Sunday 6 December 2009

Plumbing key to flowering plants’ evolutionary success

The evolution of an efficient water transport system may be how flowering plants came to dominate terrestrial plant life 60-70 million years ago.

According to Tim Brodribb at the University of Tasmania, efficient water-conducting vessels allowed flowering plants, called angiosperms, to double their photosynthetic rate, providing them with more carbon for growth and reproduction.

With their increased productivity, angiosperms overtook the then-dominant gymnosperms to represent more than 96 percent of vascular plant species today.

Plant plumbing


With Taylor Field at the University of Tennessee, Brodribb studied 504 living angiosperm species, as well as 89 living and 166 extinct non-angiosperm species.

The data set was analysed against fossil data to infer the evolution of angiosperms through time.

Early angiosperms were found to have relatively few water-conducting veins in their leaves. However, by the Late Cretaceous about 95 million years ago, angiosperms’ leaf vein density had increased by more than 150 percent, to become three times that of gymnosperms.

“Our study showed that very significant changes in the leaves of angiosperms occurred early in their evolution that changed them from being essentially just a flowering gymnosperm to being the powerhouses of modern biology,” Brodribb explains.

“Something happened late in the Cretaceous that enabled angiosperms to rapidly evolve leaves with very dense venation forming very highly efficient irrigation network which pushed photosynthetic performance far above their competitors.”

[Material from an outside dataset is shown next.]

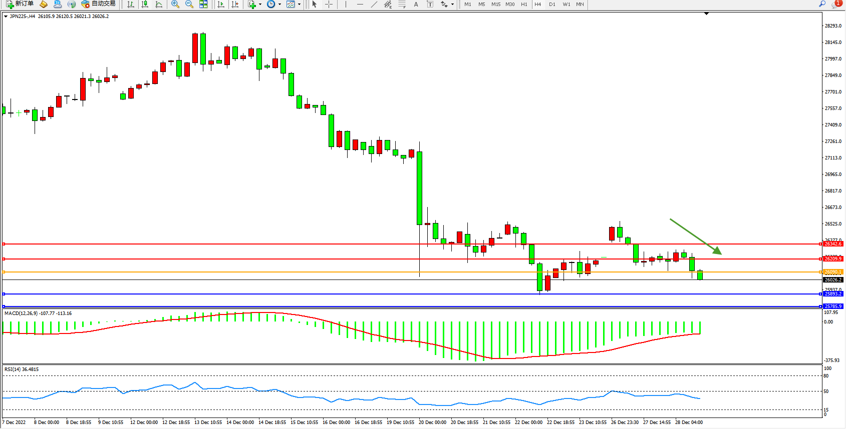 日经指数JPN225——4小时K线图显示:

Darwin’s abominable mystery


In a letter to his friend Joseph Hooker in July 1879, Charles Darwin famously referred to the seemingly abrupt origin and rapid diversification of angiosperms as an ‘abominable mystery’.

There currently are no fossils or living ancestors that allow researchers to link angiosperms with their very different gymnosperm ancestors.

Meanwhile, the evolution of angiosperms has shaped climates and terrestrial biology, and is crucial to modern human civilisation because of our reliance on highly productive fruit, root and grain crops for food.

“All ecosystems were changed, pollinators evolved, the face of the planet was drastically modified indeed,” says Vincent Savolainen at the Imperial College London and Royal Botanic Gardens Kew.

“He [Darwin] was surprised that it was so sudden, angiosperms seemed to appear and hyper-diversify simultaneously.”

Brodribb hypothesises that declining humidity and carbon dioxide concentration during the Cretaceous may have caused angiosperms to increase leaf vein density in order to meet their transpirational requirements.

Moving forward, Brodribb and Field plan to study how leaves coordinate their photosynthetic performance with the development of plumbing.